Supplied data ->
------------------------------

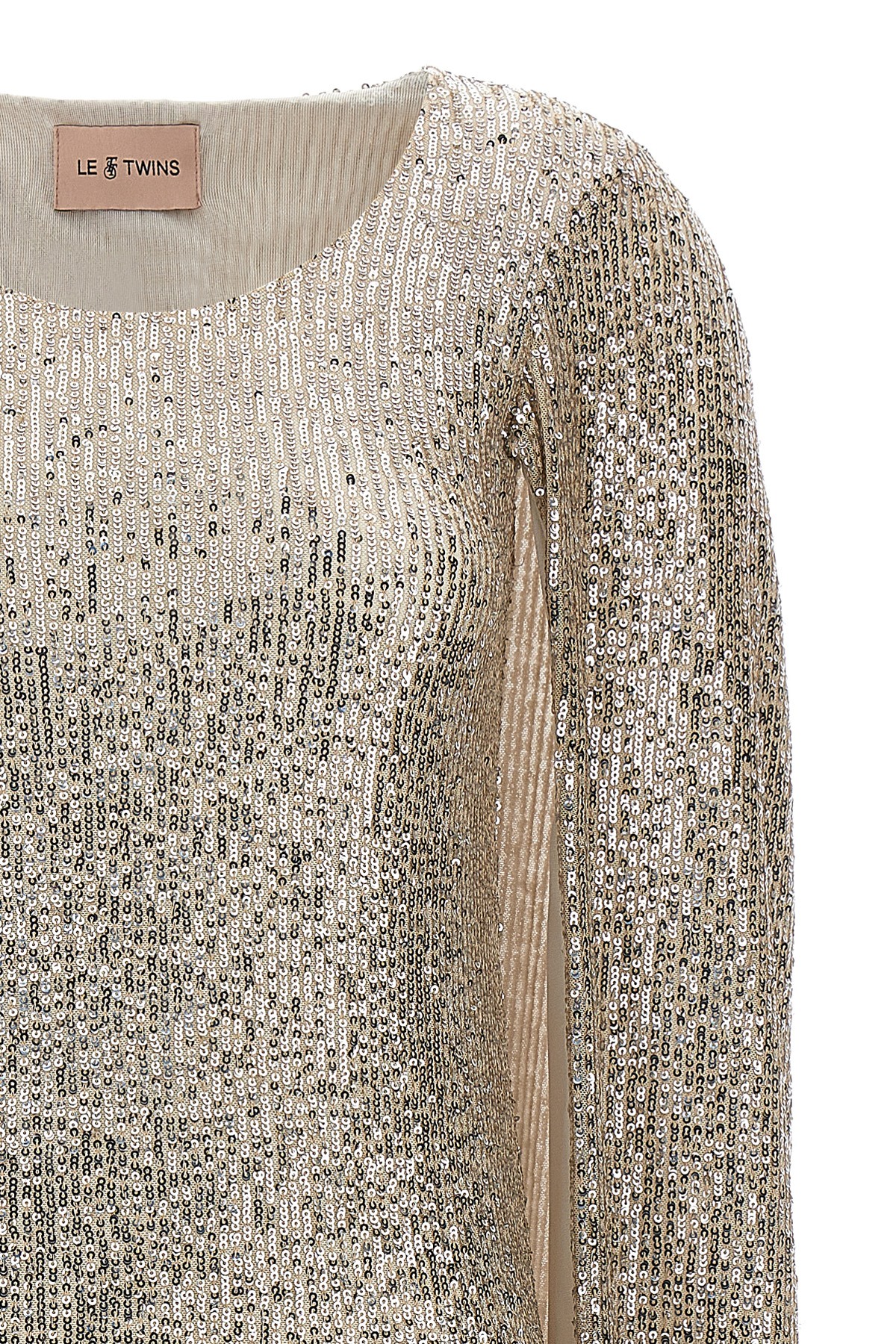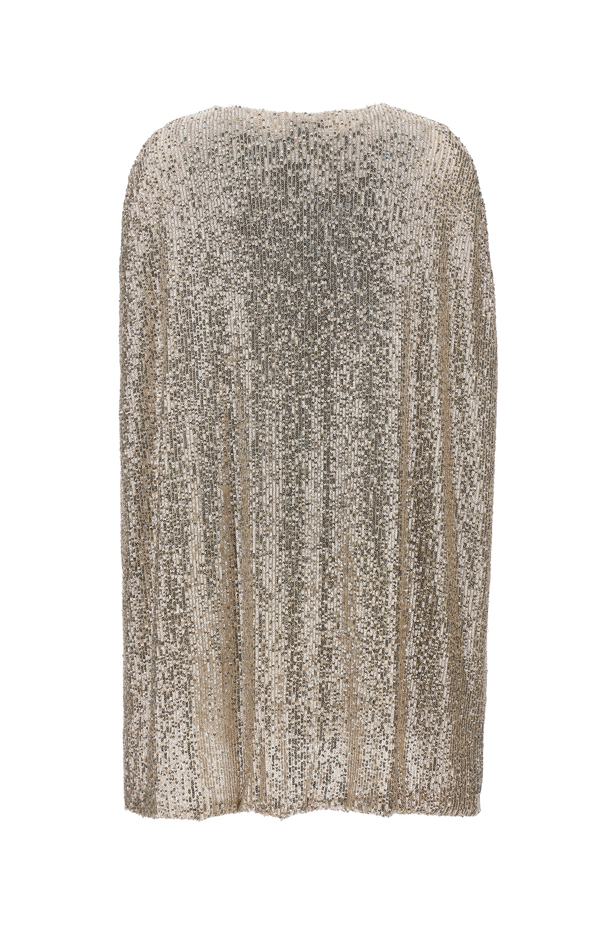 'Cashmere' dress in a stretch fabric withll over sequin applique, a crewneck, with cape at the back.
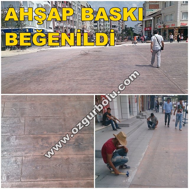 İzzet Baysal Caddesi'nde son rötuşlar yapılırken, cadde de yapılan taş baskının yerine Valilik Konağı'nın önündeki alana ahşap desenli baskı beton yapıldı. Ahşap desenli baskı beton daha beğenildi.
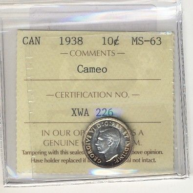 1938 10¢ ICCS MS63 Cameo.
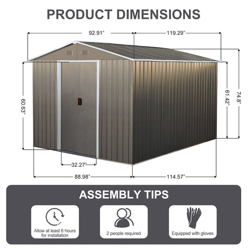 8X10Ft Outdoor Metal Storage Shed - Gray

------------------------------

Your assignment -> Give the data again exactly, image-free.

Solved problem ->
 'Cashmere' dress in a stretch fabric withll over sequin applique, a crewneck, with cape at the back.
 İzzet Baysal Caddesi'nde son rötuşlar yapılırken, cadde de yapılan taş baskının yerine Valilik Konağı'nın önündeki alana ahşap desenli baskı beton yapıldı. Ahşap desenli baskı beton daha beğenildi.
 1938 10¢ ICCS MS63 Cameo.
 8X10Ft Outdoor Metal Storage Shed - Gray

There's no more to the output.